Physical characteristics
- Source: near Brünig Pass
- • coordinates: 46°47′01″N 8°05′53″E﻿ / ﻿46.78361°N 8.09806°E
- Mouth: Lake Lucerne
- • coordinates: 46°57′06″N 8°17′42″E﻿ / ﻿46.9516°N 8.2951°E
- Length: 28 km (17 mi)

Basin features
- Progression: Lake Lucerne→ Reuss→ Aare→ Rhine→ North Sea

= Sarner Aa =

River in Switzerland

The Sarner Aa is a 28 km long river in the Swiss canton of Obwalden. It drains the area to the eastern side of the Brünig Pass, flowing through the Lake Lungern, Lake Sarnen and the Wichelsee, before entering Lake Lucerne near Alpnach.
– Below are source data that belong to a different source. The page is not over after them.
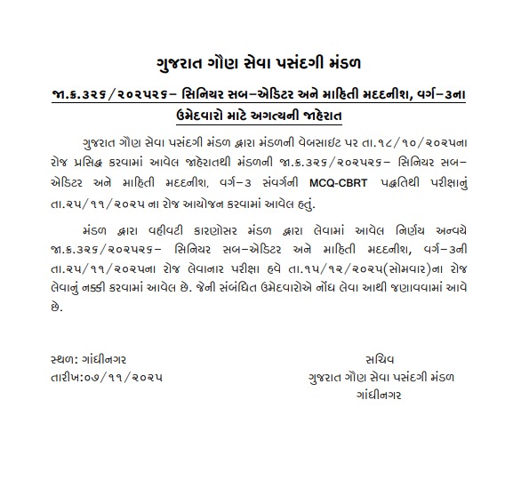 માહિતી અને પ્રસારણ વિભાગ/માહિતી નિયામક કચેરી હસ્તકની સિનિયર સબ એડિટર અને માહિતી મદદનીશ વર્ગ 3ની પ્રાથમિક પરીક્ષાની તારીખ ગુજરાત ગૌણ સેવા પસંદગી મંડળ દ્વારા જાહેર કરવામાં આવી હતી. ગૌણ સેવા પસંદગી મંડળની જાહેરાત અનુસાર આગામી 25 નવેમ્બરના રોજ સિનિયર સબ એડિટર અને માહિતી મદદનીશ વર્ગ 3ની પ્રાથમિક પરીક્ષા યોજવાની હતી. જો કે હવે મંડળ દ્વારા વહીવટી કારણોસર ફેરફાર કરવામાં આવ્યો છે અને હવે આ પરીક્ષા આગામી 15-12-2025 (સોમવાર) યોજાશે.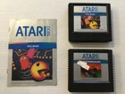 Pac-Man & Countermeasure Atari 5200 Video Game Cartridges, 1982 & 1983. Includes: Two game cartridges and Pac-man instruction manual only (no manual for Countermeasure), and three controller overlays (one for Pac-Man, two for Countermeasure). The game cartridges have not been tested. The Pac-Man cartridge has creases, stains, and scratches on the front label. There are stains on the back lower corner, and there is dust in some areas. There is one Pac-Man game controller overlay which has some scuffs and scratches. The Pac-Man instruction manual has scuffs and scratches on the front and back, with stains on the spine and front and back covers. The Countermeasure cartridge has some scuffs, scratches, small creases, stains, and old retail stickers on the front label. The two controller overlays have some scuffs and scratches, too. See photos. Sold “As Is”.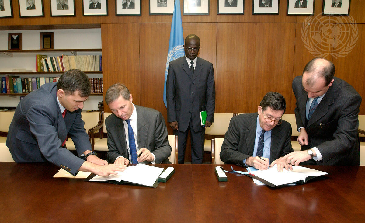 Jean-Marie Guéhenno (seated centre left), Under-Secretary-General for Peacekeeping Operations, signs on behalf of the United Nations the "Memorandum of Understanding on the United Nations Stand-by Arrangements System (UNSAS)" with Gert Rosenthal (centre right), Permanent Representative of Guatemala to the United Nations.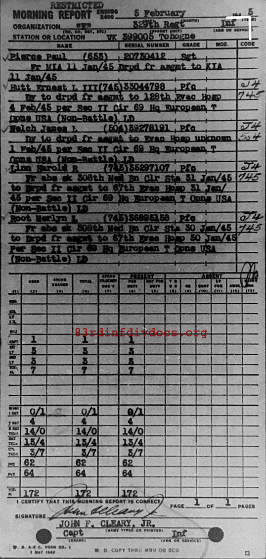 | 1945-02-05 | SGT | Killed in action on January 11, 1945 | 653 | E / 329 | view page |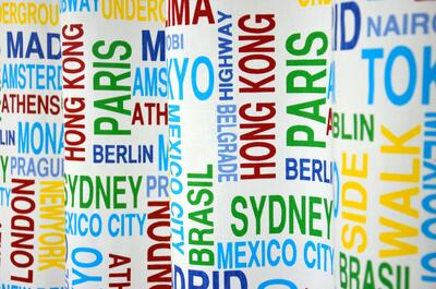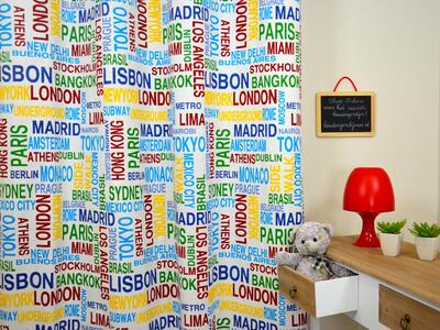Op reis door de eigen kinderkamer? Dat kan met dit wereldse gordijn! Het katoenen gordijn is bedrukt met namen van steden uit allerlei continenten en verkrijgbaar in een gekleurde uitvoering en een zwart-wit variant.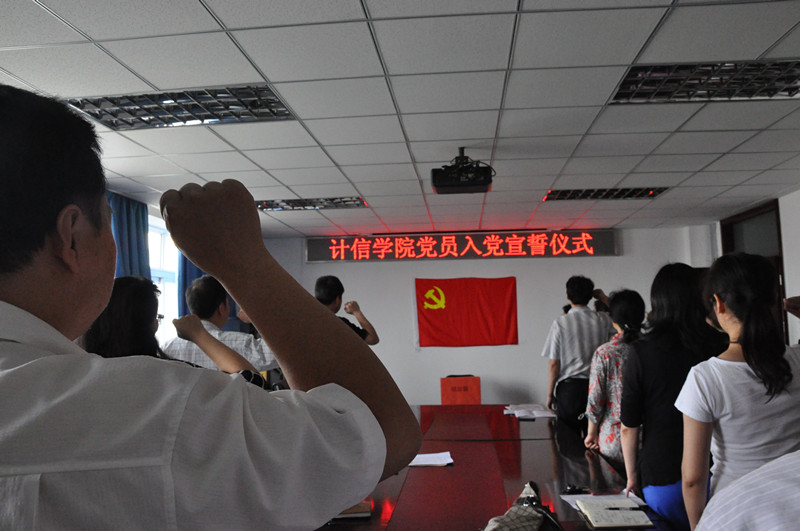 同日,蔡强院长主持举行入党宣誓仪式。今年六月计信学院共有3名教师预备党员转正,学院部分教工党员参加了他们的入党宣誓仪式。老党员与新党员一起宣誓,重温入党誓词,共同回忆党走过的92载峥嵘岁月。熟悉的誓词引发了教师们的思考。薛红教授作为新党员代表发言,她说:“成为了一名党员真的很开心,今后将更加积极地工作,虽然年纪大了,但仍然会以一个新党员的身份严格要求自己,努力向大家学习。”老党员张晓力老师表示:“我们在重温誓词时会问自己,有没有真正地履行党员义务,有没有真正做到积极工作,这促使我们反思与进步。” 入党积极分子青年教师祝晓斌表示:“今天的宣誓仪式很神圣,今后一定要向老党员学习,积极上进,努力工作。” 党总支书记陈谊对三位新党员表示了祝贺,然后勉励在场的全体党员和积极分子:要继续发扬党的优良传统,在学院的各项工作中发挥模范带头作用,发挥正能量,为学院的发展做贡献。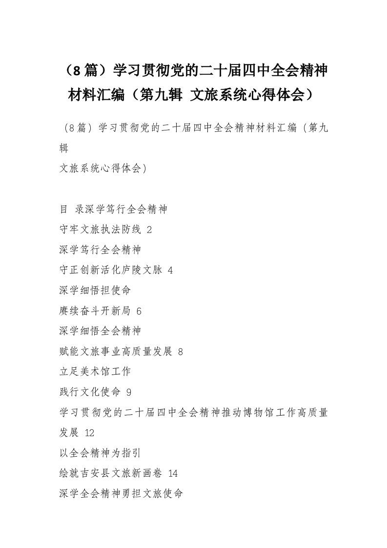 (8篇)学习贯彻党的二十届四中***精神材料汇编(第九辑 文旅系统心得体会)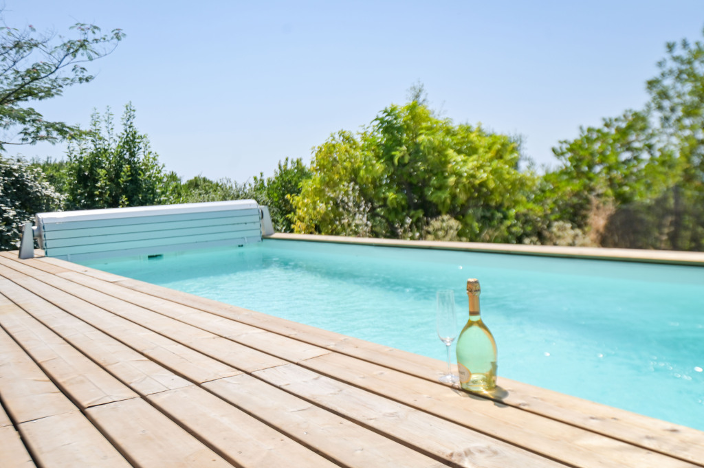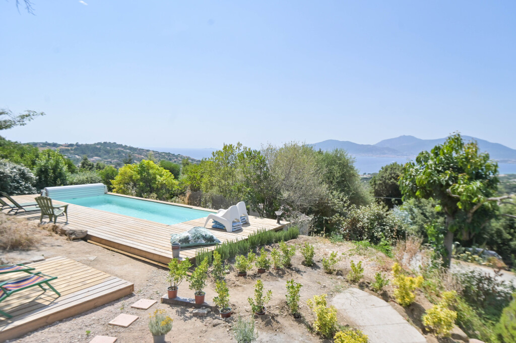 - la piscine avec vue mer et sa terrasse équipée de fauteuils et transats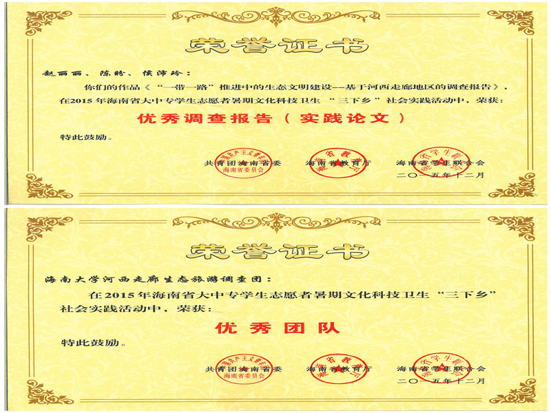 6.由团省委、教育厅、省学联组织的大中专员工志愿者暑期三下乡社会实践活动中荣获省级重点团队、优秀调研报告、省级优秀指导教师、优秀员工。//www.hainanu.edu.cn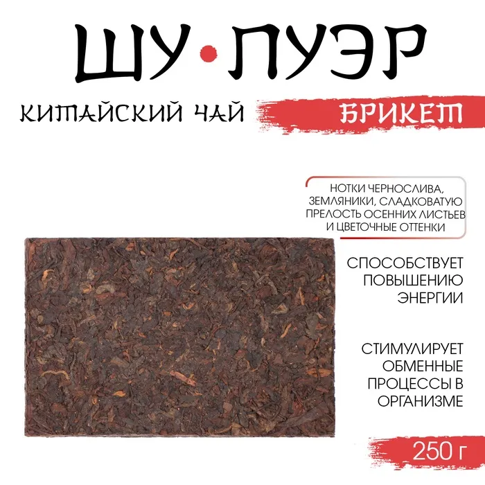 Брикет чёрного крупнолистового чая Шу Пуэр из уезда Мэнхай (провинция Юньнань, южный Китай) превратят ваше чаепитие в настоящую чайную церемонию.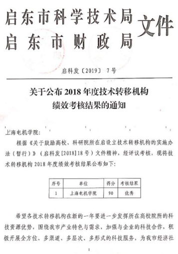 3月28日,启东市科技局对在启技术转移机构进行了2018年度绩效考核考核,根据《关于鼓励高校、科研院所在启设立技术转移机构 的实施办法(暂行)》,经过评议考核,我校启东技术转移工作站被评为2018年度“优秀”技术转移机构,陈云霞老师个人获得“优秀站长”称号。
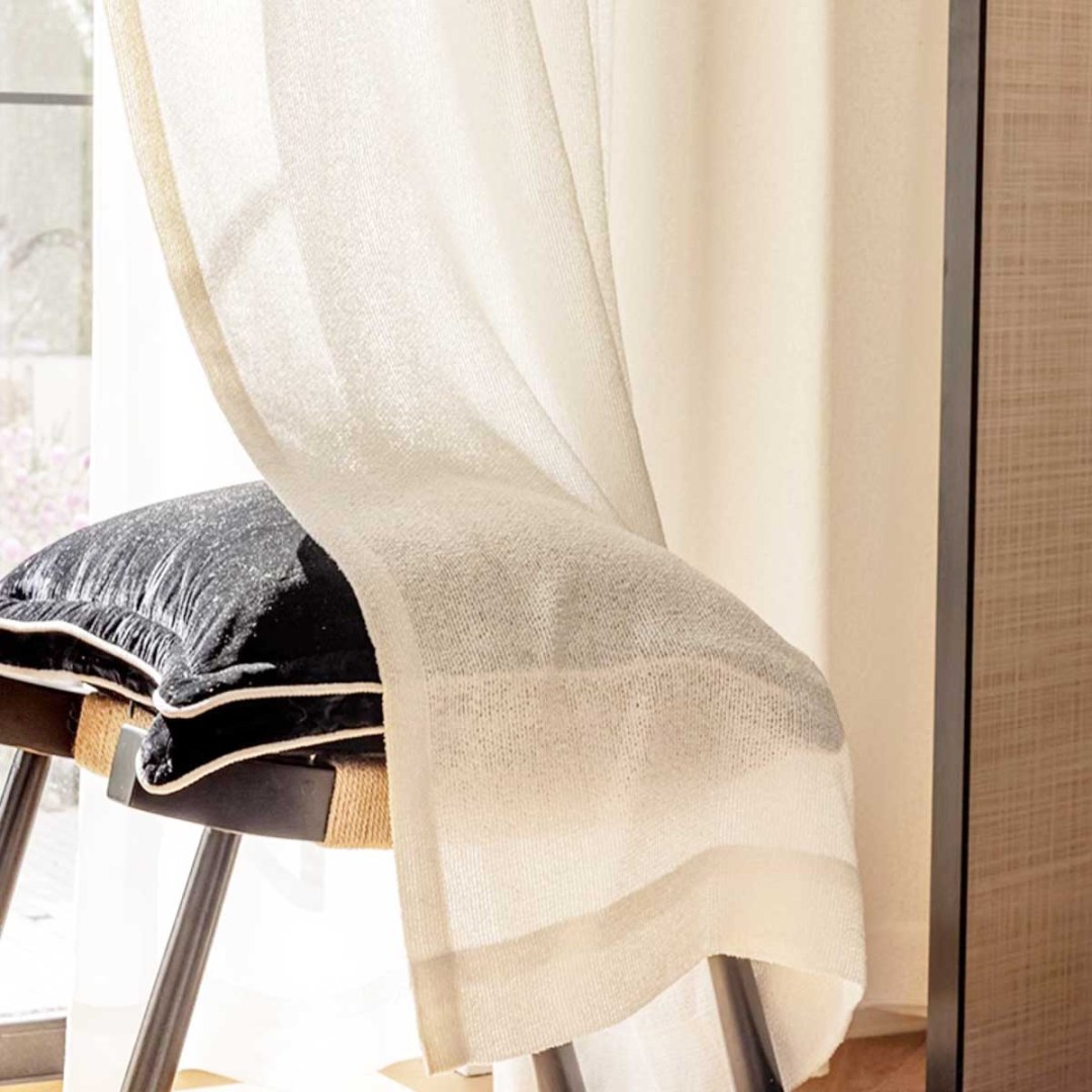 Timeless elegance in every detail. This heavy voile curtain in soft beige and cream features a subtle, textured weave reminiscent of the iconic tweed of a Coco Chanel suit. Its refined, sophisticated surface allows light to filter softly while maintaining privacy, making it a perfect choice for contemporary interiors that value understated luxury and classic style.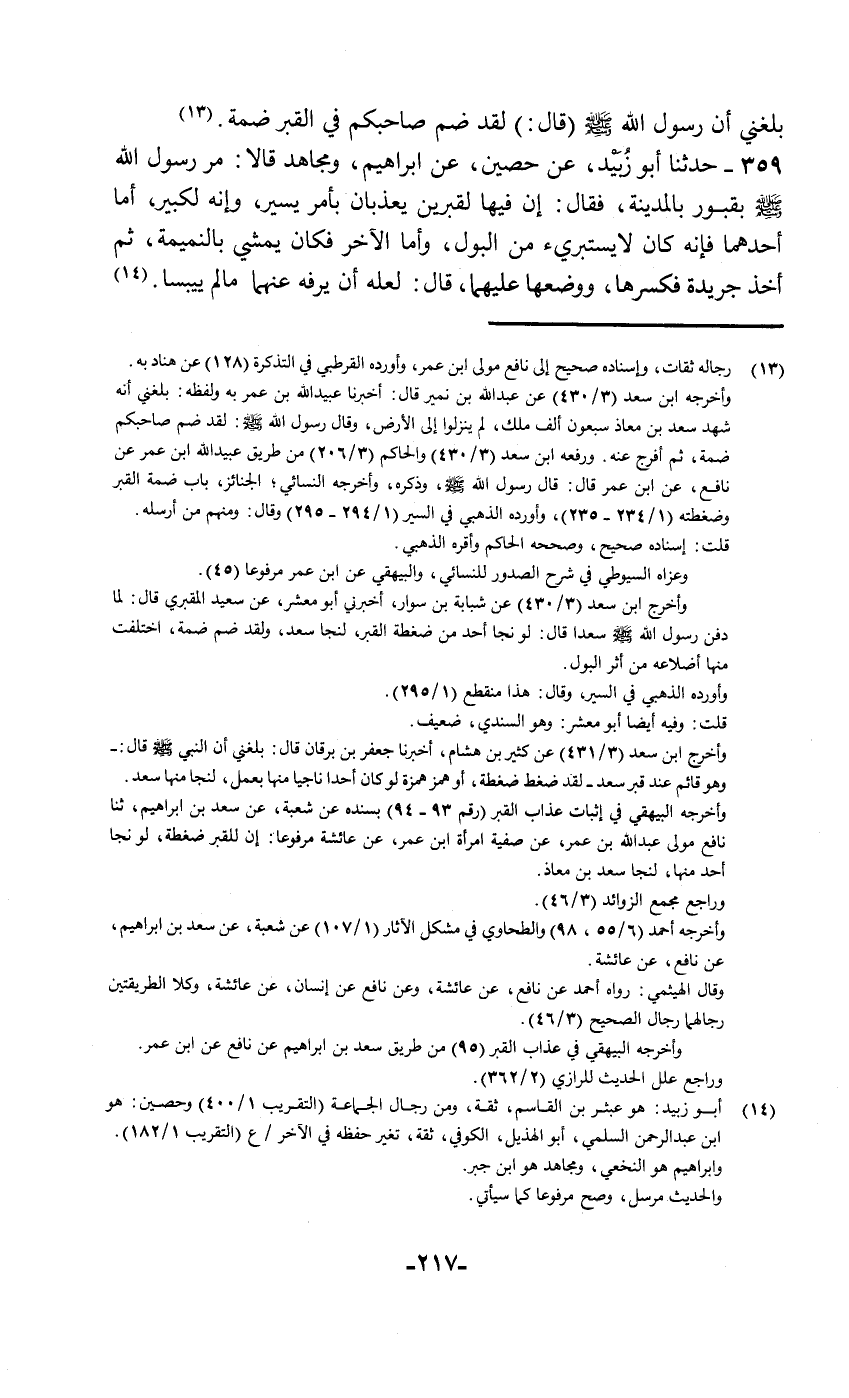 359 - حَدَّثَنَا أَبُو زُبَيْدٍ , عَنْ حُصَيْنٍ , عَنْ إِبْرَاهِيمَ , وَمُجَاهِدٍ قَالَا: مَرَّ رَسُولُ اللَّهِ صَلَّى اللهُ عَلَيْهِ وَسَلَّمَ بِقُبُورِ بِالْمَدِينَةِ , فَقَالَ: «إِنَّ فِيهَا لَقَبْرَيْنِ يُعَذَّبَانِ بِأَمْرٍ يَسِيرٍ وَإِنَّهُ لَكَبِيرٌ , أَمَّا أَحَدُهُمَا فَإِنَّهُ كَانَ لَا يَسْتَبْرِئُ مِنَ الْبَوْلِ , وَأَمَّا الْآخَرُ فَكَانَ يَمْشِي بِالنَّمِيمَةِ» , ثُمَّ أَخَذَ جَرِيدَةً فَكَسَرَهَا وَوَضَعَهَا عَلَيْهِمَا قَالَ: «§لَعَلَّهُ أَنْ يُرَفَّهَ عَنْهُمَا مَا لَمْ يَيْبَسَا»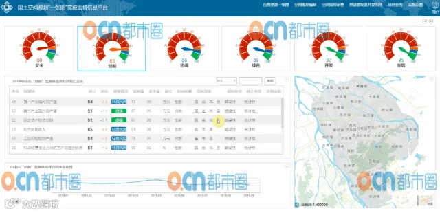 周期体检:结合国家监测指标要求,对安全、创新、协调、绿色、开放、宜居六个关键维度展开周期性的体检,基于单项指标的监测值结合空间化的目标值、参考值进行评分,并形成综合评分,支持图文联动与时序趋势的监测,实现对国土空间健康态势的智能化识别。
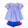 This School Bus Smocked Royal Gingham Bishop Short Set is ideal for back-to-school and playtime. The royal blue gingham top features charming smocking with a schoolhouse and school bus. With bishop-style sleeves adorned with red ric-rac trim, it adds a delightful touch. Finish off the look with royal blue shorts adorned with red bows, creating an adorable outfit perfect for school.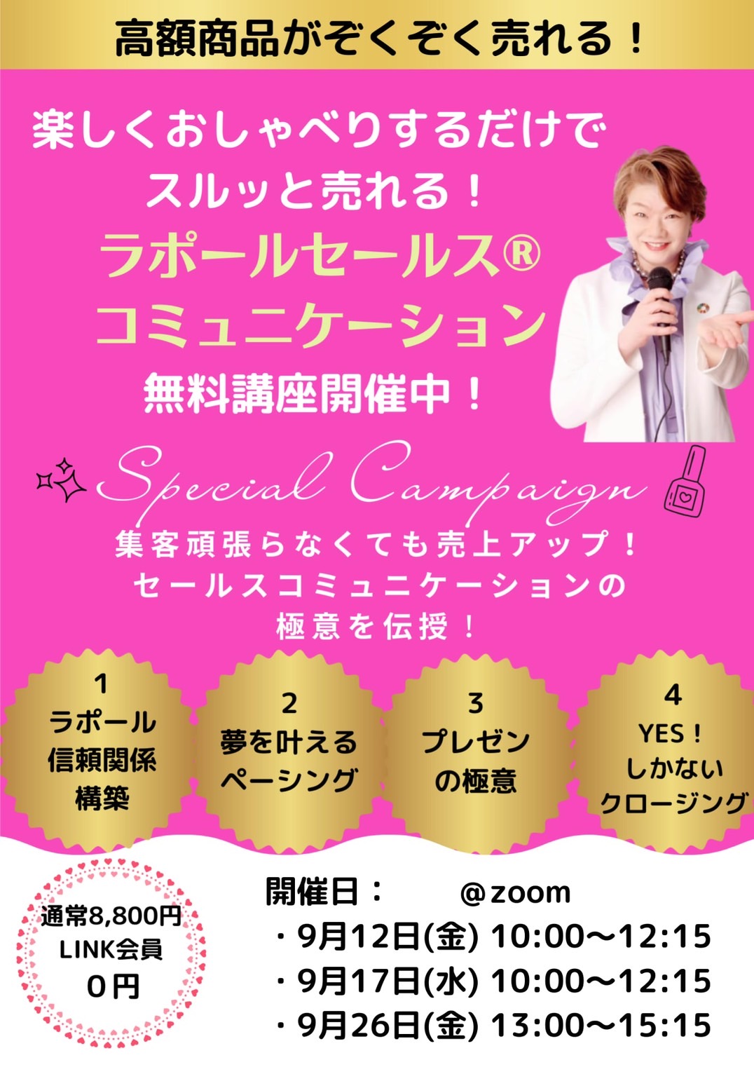 LINK会員様には是非是非身につけて頂きたいセールス・コミュニケーションのスキルをグッと2時間に凝縮してお伝えします✨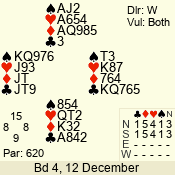 Con | Dc | Res | Score | Ld | Pairs | Rd | Tbl | 4 NT | W | -3 | 150 | 2 | 13 - 01 | 13 | 13 |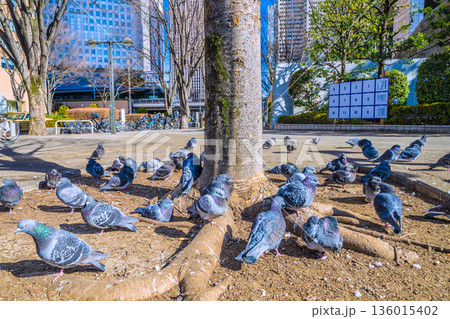 日本の東京都市景観 都庁前駅…日光浴をするハトの群れ…土のほうが暖かいのかな…=令和8年1月25日

It goes by several names over its length, being known as the Lauibach upstream of the Lungerersee, and the Aa or Aawasser between the Lungerersee and Lake Sarnen.

Along its length, the Sarner Aa flows through or near the settlements of Lungern, Giswil, Sachseln, Sarnen, Kerns and Alpnach.

The Brünig railway line follows the valley of the Sarner Aa in its descent from the Brünig Pass towards Lucerne.